Ghee is widely available in South African supermarkets, Indian grocery stores, and health food retailers. Quality varies considerably — look for ghee made from grass-fed butter where possible, and avoid plant-based ghee substitutes made with vegetable oil. Beef tallow is less commonly stocked in mainstream retail but is available through butchers, online, and from specialist producers. In general, tallow is the more affordable option per gram of usable fat, particularly when bought in larger quantities.

Split image showing golden ghee being poured into a cast iron pan with whole spices and herbs for sauce making on the left, and beef tallow being spooned over a sizzling steak in a cast iron pan on the right

Which one to reach for

There is no single answer. Both have earned their place in a well-stocked kitchen.

Reach for ghee when you are cooking something where a nutty, buttery flavour is an asset — Indian dishes, tempering whole spices, finishing a sauce, or baking a savoury pastry where richness matters. Ghee is also a reasonable option for anyone who is lactose intolerant, since the clarification process removes most of the milk proteins and lactose. That said, trace amounts can remain, so anyone with a true dairy allergy should avoid ghee entirely and use tallow instead, which is completely dairy-free.

Reach for tallow when the fat is functional rather than flavour-forward — high-heat frying, roasting vegetables, basting meat at the braai, or cooking something where you want the ingredients to carry the dish.

If you only have one, tallow is the more versatile everyday cooking fat for savoury cooking in a South African kitchen.
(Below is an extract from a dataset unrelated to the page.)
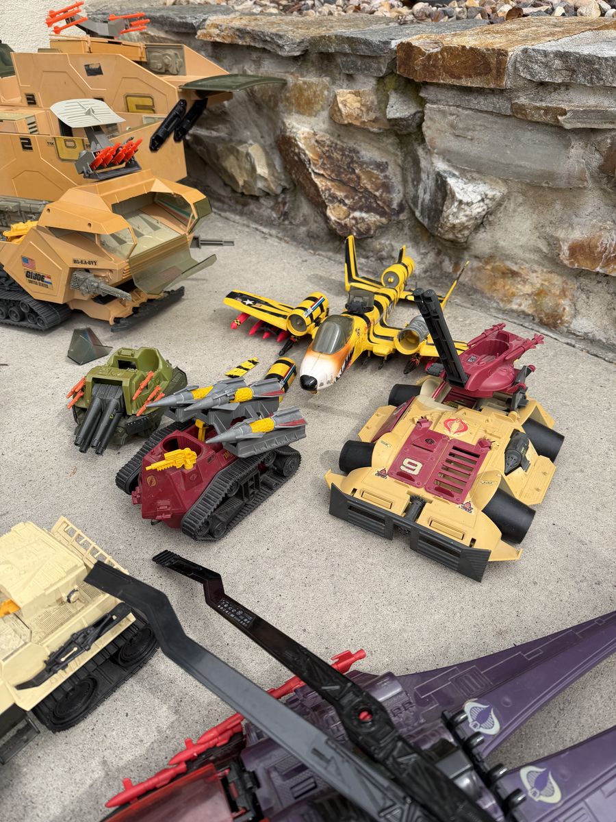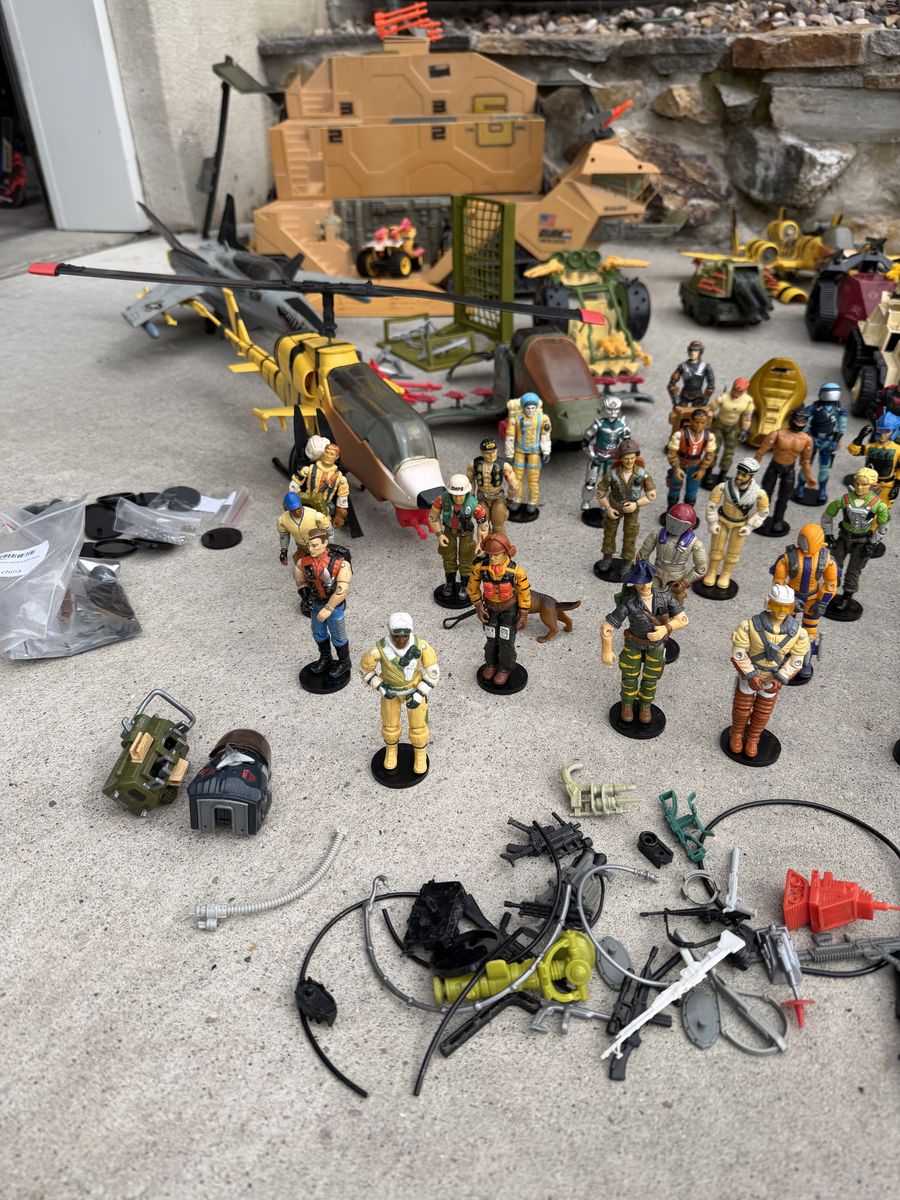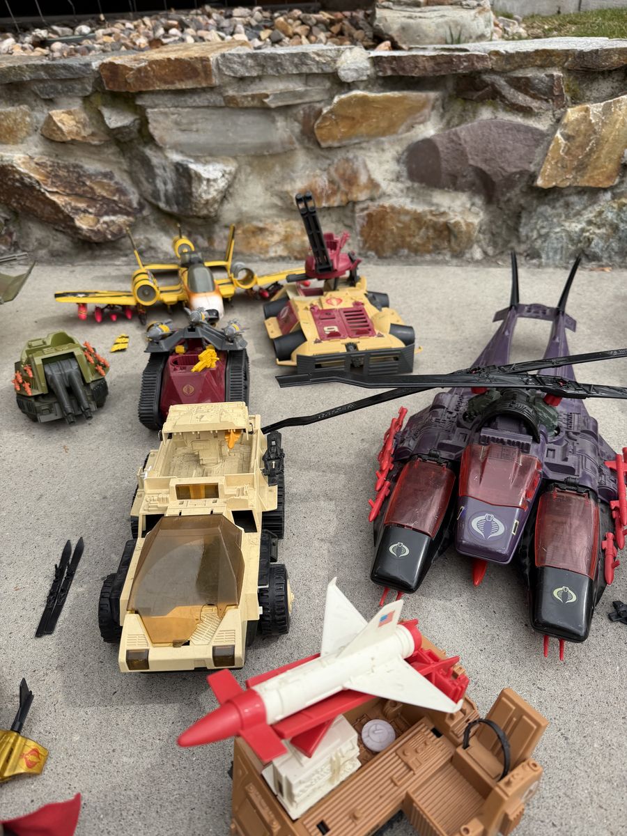 VenmoI hate to do it. But it’s finally time to sell my G.I .Joe collection. They are all approximately 40 years old. They’re in good shape for the age, most sets are fully complete. I have replaced all the figures band. Selling as a group, including all vehicles, figures, accessories, and repair kits. What’s included 87’ mobile command center 86’conquest X-30 fighter plane 88’ tiger force tiger fly helicopter 87’ Cobra sea ray 89’ Artic blast vehicle 88’ Tiger force Tiger Paw ATV 87’ SLAM 85’ snow cat vehicle 88’ Cobra IMP 88’ Tiger Rat 90’ Cobra rage urban assault vehicle 87’ cobra mamba helicopter 89’ Avalanche snow tank 87’ Cobra Pogo ballistic battle ball 88’ Destro’s Despoiler 89’ Darklon’s Evader 88’ RPV 86’ Cobra Serpentor’s air chariot 88’ lazer force tank 38 figures with their accessories Also big bin to carry them all

But the honest answer is that both are worth having on the shelf.

Finding tallow in South Africa

If you are looking to cook with beef tallow, Toeka stocks options from two producers: Affieplaas, from grain-fed cattle, and BEAR Kitchen, from grass-fed cattle. Both are single-ingredient, fully rendered, and suited to everyday cooking at any heat.

The question is not which is better

Ghee and tallow were both in traditional kitchens for good reason. They came from the same part of the world’s oldest cooking traditions, but typically from different animals — and always from different parts of those animals. The question was never which is better. It was always which one suits the dish in front of you.